Sartain-Clarke had moved out of his mother’s property earlier in 2011 but Ms de la Calva was still served with a Notice of Seeking Possession stating she was likely to have breached her tenancy agreement as a result of his actions.

The authority vowed to apply for an order of possession, evicting the innocent Ms de la Calva and her daughter, if her son was convicted.

The threat came despite Ms de la Calva’s contribution to her local area over the last five years.

She is described as a credit to her housing estate by neighbours and spends her limited spare time volunteering for a youth charity and working with domestic violence victims.

Labour councillor Tony Belton, who supported the family through their ordeal, said: “I am delighted that Maite has had the report withdrawn from her. I am still annoyed that the council felt it necessary to put the family and mother through five months of stress.

In a text message to Coun Belton this afternoon Ms de la Calva wrote: “Great news not going to be evicted. Can’t express the relief and the great pressure it has been on me.”

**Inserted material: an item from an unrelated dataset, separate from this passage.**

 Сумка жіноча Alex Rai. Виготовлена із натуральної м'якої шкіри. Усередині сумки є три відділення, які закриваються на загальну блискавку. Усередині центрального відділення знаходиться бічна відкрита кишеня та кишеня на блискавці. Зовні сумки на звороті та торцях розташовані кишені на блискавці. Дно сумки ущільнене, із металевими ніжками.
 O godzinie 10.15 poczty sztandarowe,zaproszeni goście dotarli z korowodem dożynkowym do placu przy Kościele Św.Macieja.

A Liberty spokesman: "Liberty agreed to represent her and fight any cynical attempt by council to punish her and her daughter for her son’s conviction.

"Ms de la Calva has committed no crime herself and would not have faced such a threat had she lived in a mortgaged house.

"Other authorities have since opted to follow Wandsworth’s example by using tenancy agreements and housing legislation to bully other vulnerable residents."